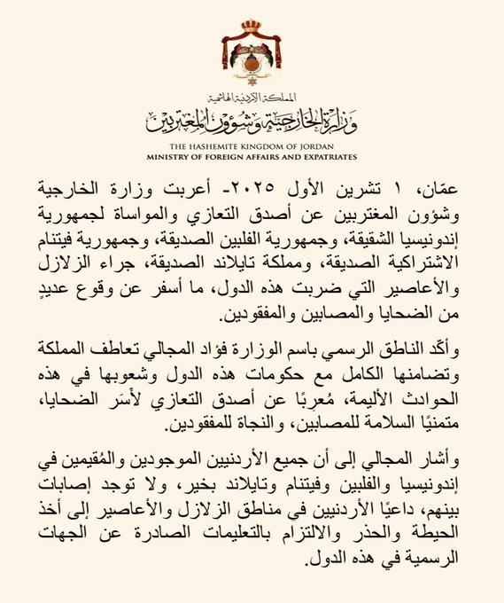 وأكد الناطق الرسمي باسم الوزارة، السفير فؤاد المجالي، تضامن المملكة الكامل مع حكومات وشعوب هذه الدول في هذه الحوادث الأليمة، متمنيًا الشفاء العاجل للمصابين والنجاة للمفقودين، ومقدمًا التعازي لأسر الضحايا.
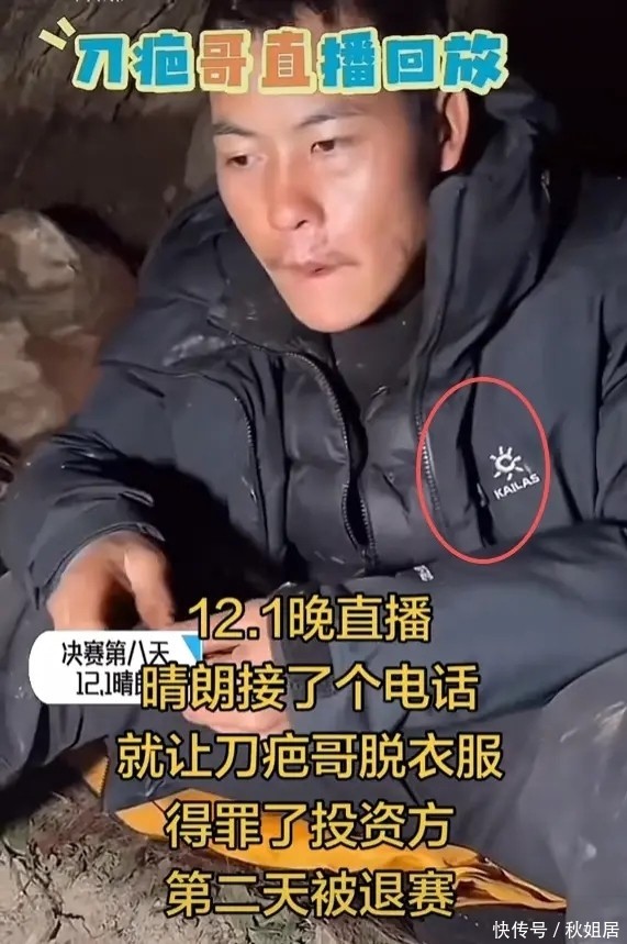 25. 曾有一段直播画面夸耀,刀疤哥衣着非赛事指定品牌的羽绒服,并公开推奖该衣服御寒性能出色。
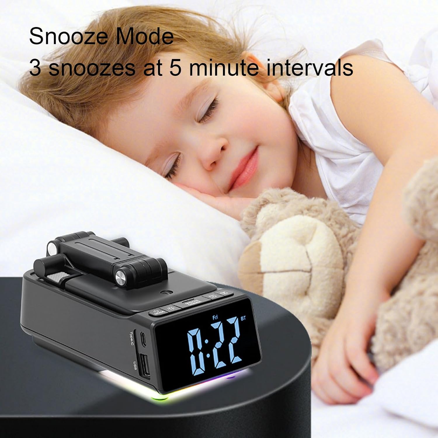 Adjustable Stand with 180° Rotation: The alarm clock bluetooth speaker features a freely adjustable mechanism that supports 180° rotation, allowing for convenient use at various angles to meet your viewing preferences.
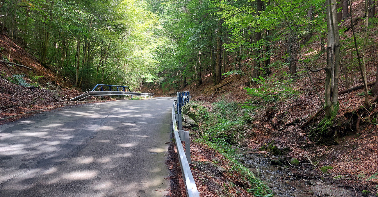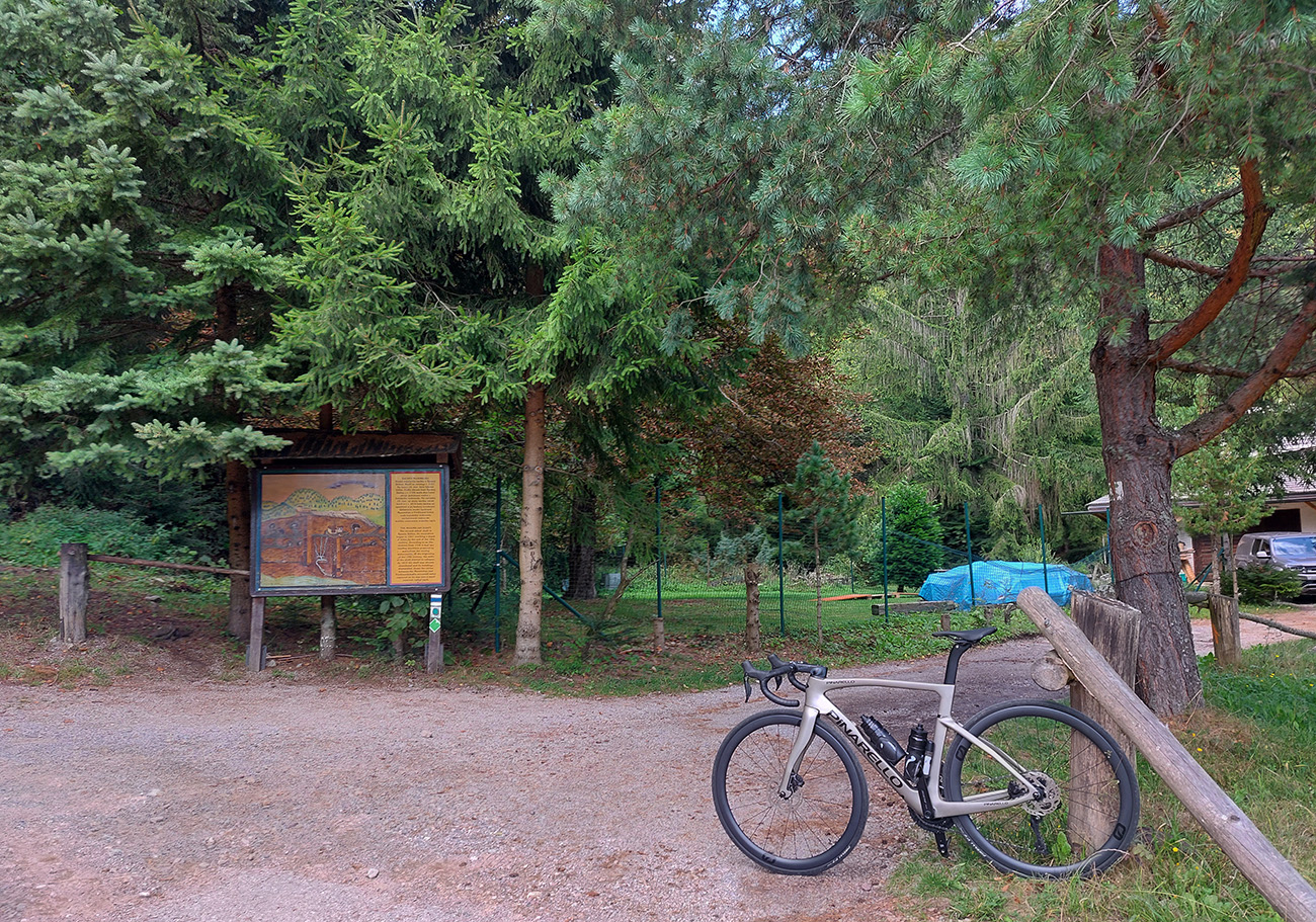Tento živý banský skanzen blízko Banskej Bystrice je všeobecne známy, aj tu na Vetromagu sme sa oň už párkrát obtreli (odkazy dolu), ale vždy na tlstých gumách. No samozrejme, že tam vedie aj asfaltová cesta a už pár rokov je na nej dokonca aj žiletkársky komfortný povrch, tak nesmie tento cieľ chýbať ani v „žiletkárskej“ sekcii. Cesta je dosť široká, aj dva autobusy by sa obišli, jeden bezpečne obíde aj cyklistu. Výhodou/nevýhodou (podľa počasia a ročného obdobia) je poloha v tienistom lese, slnko na cestu zasvieti len popoludní, priamo od západu, juhozápadu. Aj to len ostrovčekovito, koľko koruny stromov dovolia. Stúpanie to nie je dlhé, po námestie necelé štyri kiláky, zato slušne výživné (8-10%). Kto si ho však chce naplno užiť, odbočí na námestí doľava a čaká ho ešte slušnejšia (priam vražedná, 20-percentná) gradácia pomedzi chalupy na záverečných 500 metroch. To je základný a najdlhší variant, s dobrým asfaltom až po jeho koniec. Z námestia sa ale dá pokračovať aj rovno – je to rovnako dlhé, len miernejšie a asfalt je tam podstatne horší. Celé aj so zjazdom nazad dole do Uľanky to potom vyzerá takto:
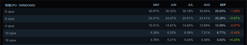 15%は未だに4コアCPUを使用!?みんなのPCゲーム環境がわかる「Steamハードウェア&ソフトウェア調査」が興味深い
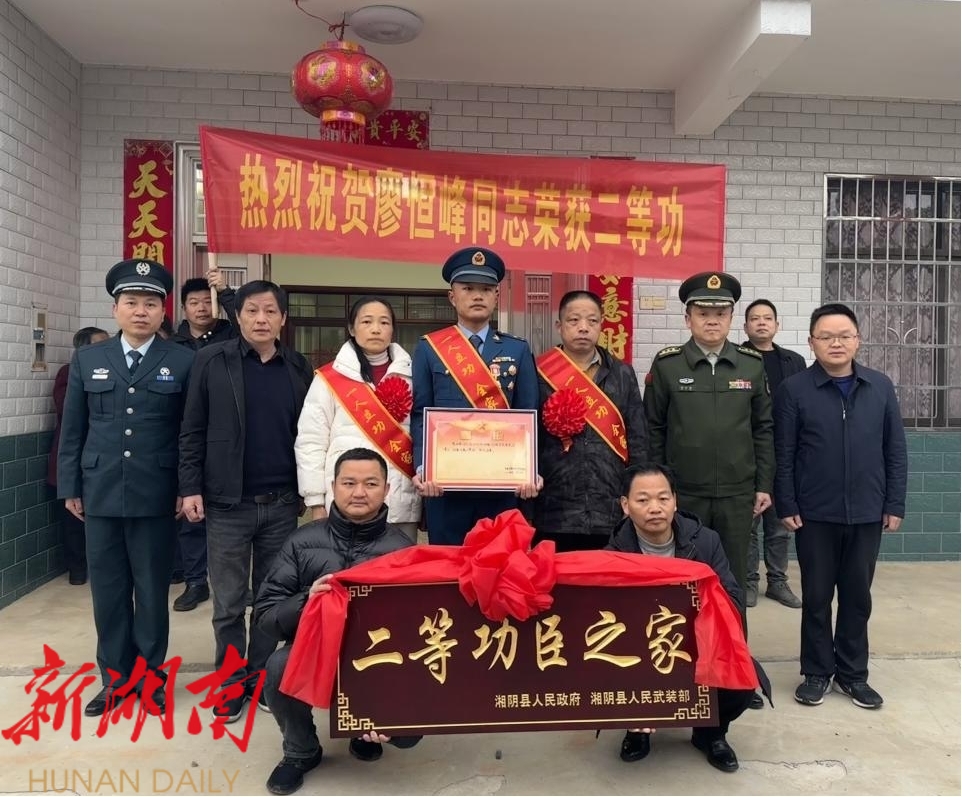 湖南日报·新湖南客户端2月11日讯(通讯员 张雅斯 晏涛)2月11日,湘阴县人武部、退役军人事务局和静河镇相关负责同志一行来到静河镇青湖村,为荣立个人二等功的廖恒锋战士家送上喜报。
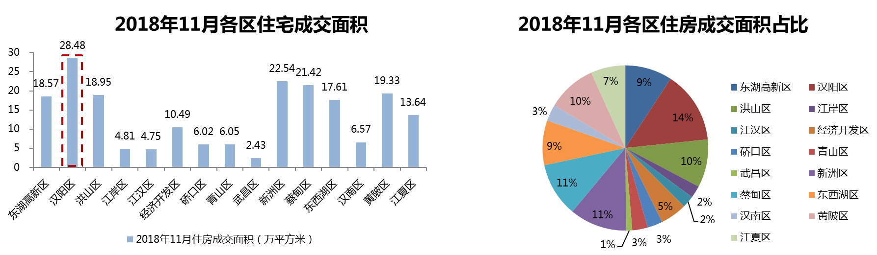 2018年11月房地產(chǎn)市場(chǎng)總成交量為233.59萬(wàn)平方米,其中漢陽(yáng)區(qū)商品房成交量最高,成交面積為31.09萬(wàn)平方米。11月主城區(qū)供應(yīng)量開(kāi)始顯著增加,主城區(qū)總成交量合計(jì)為120.70萬(wàn)平方米,占總成交量51.67%;遠(yuǎn)城區(qū)總成交量合計(jì)112.89萬(wàn)平方米,占總成交量48.33%。
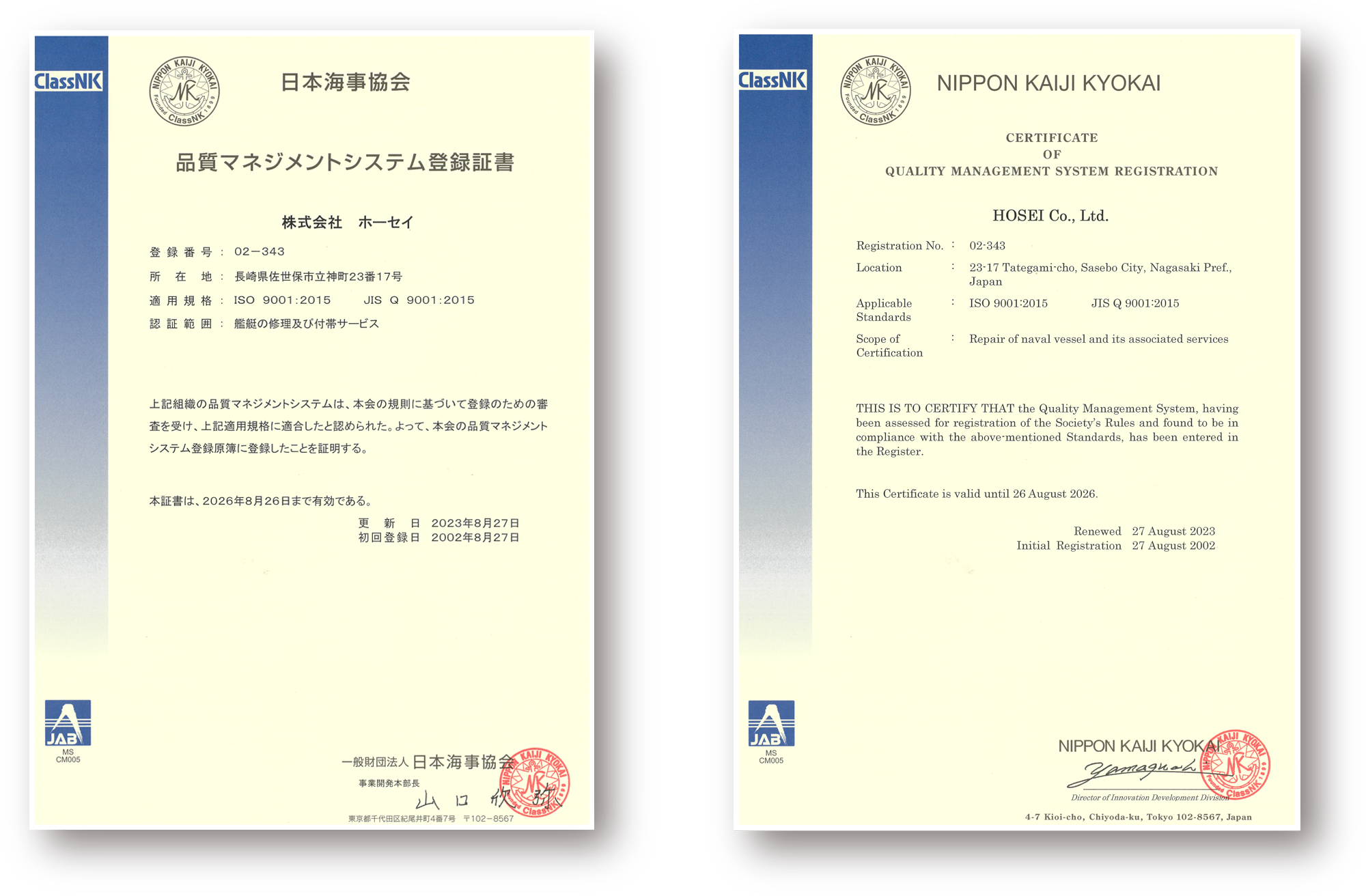 艦船修理事業は、常に100%の成果を求められる仕事。「おおむね良好」「8割方達成」、そんな中途半端な指標は、この世界には存在しないと言ってもいいでしょう。お客様に寄せられる厳しくも厚い信頼とご期待に確実にお応えできるよう、ホーセイの社内では各部門が日々緊密に連携し、常に120%の努力を尽くして技術力を磨いています。昨日より今日、今日より明日。着実なレベルアップを目指す挑戦の向こうに、想像を超えるほどの高みに届く未来が待っています。
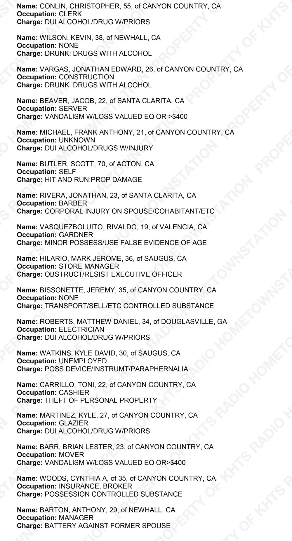 Santa Clarita Crime Report is a service provided by KHTS Radio and Santa Clarita Sheriffs as a part of Santa Clarita Neighborhoods.
------
* **What is needed**: From start to finish, output the listing exactly, but omit its pictures.

* **Result for this task**:
 وأكد الناطق الرسمي باسم الوزارة، السفير فؤاد المجالي، تضامن المملكة الكامل مع حكومات وشعوب هذه الدول في هذه الحوادث الأليمة، متمنيًا الشفاء العاجل للمصابين والنجاة للمفقودين، ومقدمًا التعازي لأسر الضحايا.
 25. 曾有一段直播画面夸耀,刀疤哥衣着非赛事指定品牌的羽绒服,并公开推奖该衣服御寒性能出色。
 Adjustable Stand with 180° Rotation: The alarm clock bluetooth speaker features a freely adjustable mechanism that supports 180° rotation, allowing for convenient use at various angles to meet your viewing preferences.
Tento živý banský skanzen blízko Banskej Bystrice je všeobecne známy, aj tu na Vetromagu sme sa oň už párkrát obtreli (odkazy dolu), ale vždy na tlstých gumách. No samozrejme, že tam vedie aj asfaltová cesta a už pár rokov je na nej dokonca aj žiletkársky komfortný povrch, tak nesmie tento cieľ chýbať ani v „žiletkárskej“ sekcii. Cesta je dosť široká, aj dva autobusy by sa obišli, jeden bezpečne obíde aj cyklistu. Výhodou/nevýhodou (podľa počasia a ročného obdobia) je poloha v tienistom lese, slnko na cestu zasvieti len popoludní, priamo od západu, juhozápadu. Aj to len ostrovčekovito, koľko koruny stromov dovolia. Stúpanie to nie je dlhé, po námestie necelé štyri kiláky, zato slušne výživné (8-10%). Kto si ho však chce naplno užiť, odbočí na námestí doľava a čaká ho ešte slušnejšia (priam vražedná, 20-percentná) gradácia pomedzi chalupy na záverečných 500 metroch. To je základný a najdlhší variant, s dobrým asfaltom až po jeho koniec. Z námestia sa ale dá pokračovať aj rovno – je to rovnako dlhé, len miernejšie a asfalt je tam podstatne horší. Celé aj so zjazdom nazad dole do Uľanky to potom vyzerá takto:
 15%は未だに4コアCPUを使用!?みんなのPCゲーム環境がわかる「Steamハードウェア&ソフトウェア調査」が興味深い
 湖南日报·新湖南客户端2月11日讯(通讯员 张雅斯 晏涛)2月11日,湘阴县人武部、退役军人事务局和静河镇相关负责同志一行来到静河镇青湖村,为荣立个人二等功的廖恒锋战士家送上喜报。
 2018年11月房地產(chǎn)市場(chǎng)總成交量為233.59萬(wàn)平方米,其中漢陽(yáng)區(qū)商品房成交量最高,成交面積為31.09萬(wàn)平方米。11月主城區(qū)供應(yīng)量開(kāi)始顯著增加,主城區(qū)總成交量合計(jì)為120.70萬(wàn)平方米,占總成交量51.67%;遠(yuǎn)城區(qū)總成交量合計(jì)112.89萬(wàn)平方米,占總成交量48.33%。
 艦船修理事業は、常に100%の成果を求められる仕事。「おおむね良好」「8割方達成」、そんな中途半端な指標は、この世界には存在しないと言ってもいいでしょう。お客様に寄せられる厳しくも厚い信頼とご期待に確実にお応えできるよう、ホーセイの社内では各部門が日々緊密に連携し、常に120%の努力を尽くして技術力を磨いています。昨日より今日、今日より明日。着実なレベルアップを目指す挑戦の向こうに、想像を超えるほどの高みに届く未来が待っています。
 Santa Clarita Crime Report is a service provided by KHTS Radio and Santa Clarita Sheriffs as a part of Santa Clarita Neighborhoods.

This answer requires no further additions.